Письма - Оскар Уайльд
Шрифт:
Интервал:
Закладка:
И — самое главное — Христос был величайшим из всех Индивидуалистов. Смирение, так же как и свойственное художнику приятие всего происходящего, — это всего лишь способ самовыражения. Христос всегда ищет одного — души человеческой. Он называет ее «Царством Божьим» — ή βασιλεία τοΰ θεοΰ — и находит ее в каждом человеке. Он сравнивает ее с тем, что мало само по себе — с крохотным семечком, с горстью закваски, с жемчужиной. Ибо свою душу обретаешь только после того, как отрешишься от всех чуждых страстей, от всего, нажитого культурой, — от всего, чем ты владел, будь то дурное или хорошее.
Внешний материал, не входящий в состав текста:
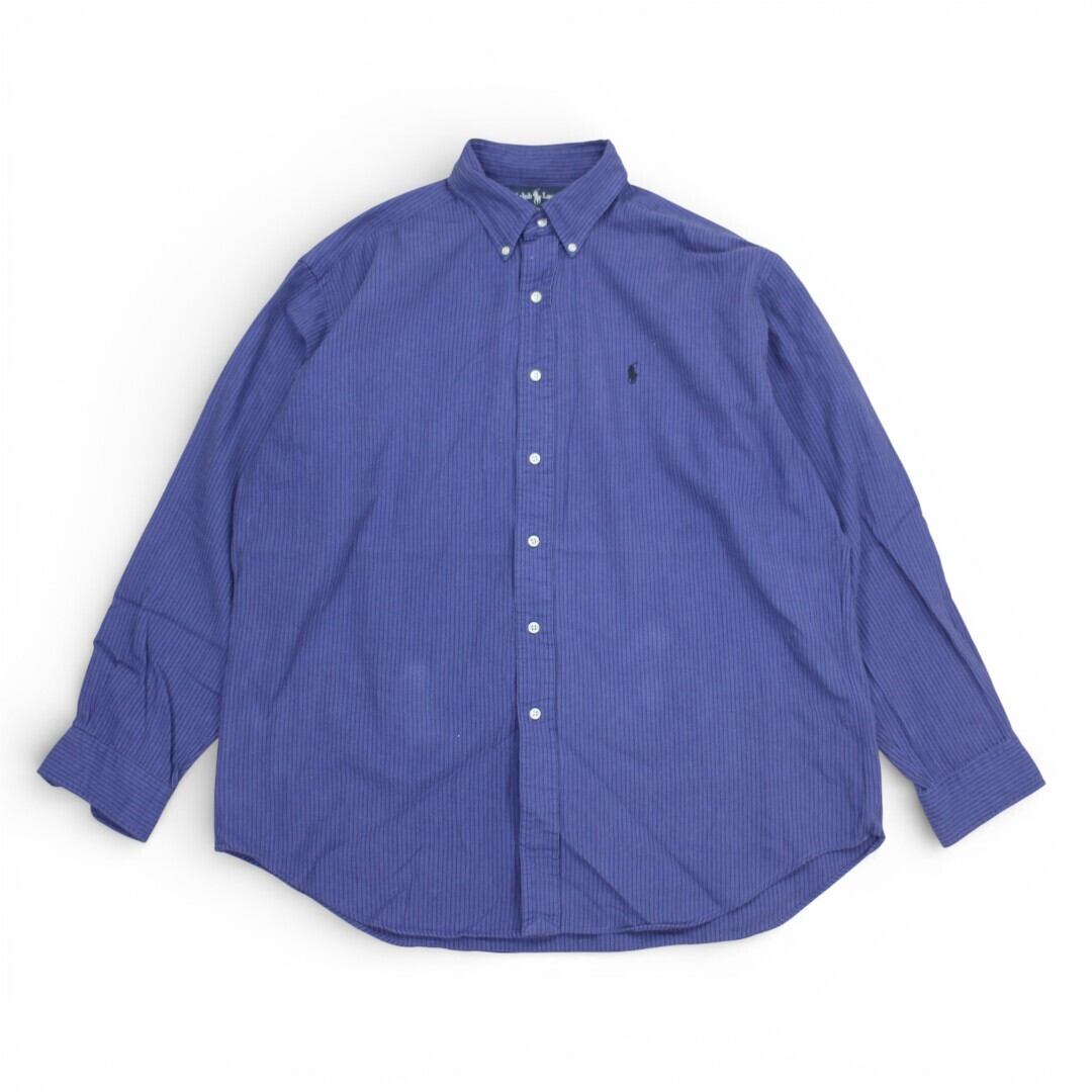 古着 Polo Ralph Lauren BLAIRE Right Purple Stripe ポロ ラルフローレン ボタンダウン 長袖シャツ trl204

Со всей мятежностью, свойственной моей натуре, со всем упорством, на которое была способна моя воля, я сопротивлялся ударам судьбы, пока у меня не осталось ничего на свете, кроме Сирила. Я стал узником и нищим. Я потерял доброе имя, положение в обществе, счастье, свободу, богатство. Но одно бесценное сокровище у меня сохранилось — это был мой родной сын, мой первенец. Внезапно закон вырвал его у меня. Это был такой сокрушительный удар, что я не знал, как жить дальше, и тогда я бросился на колени, склонил голову и со слезами сказал: «Тело ребенка — то же, что тело Господне; я недостоин ни того, ни другого». Мне кажется, что эта минута меня спасла. Я увидел, что мне остается только одно — со всем примириться. И с тех пор — как бы странно это ни показалось тебе — я стал счастливее. Ведь я постиг собственную душу, прикоснулся к самой ее высшей сути. Во многом я вел себя как ее злейший враг, но я увидел, что она встретила меня как друга. Когда прикасаешься к собственной душе, становишься простым, как дитя, — таким, как заповедал Христос.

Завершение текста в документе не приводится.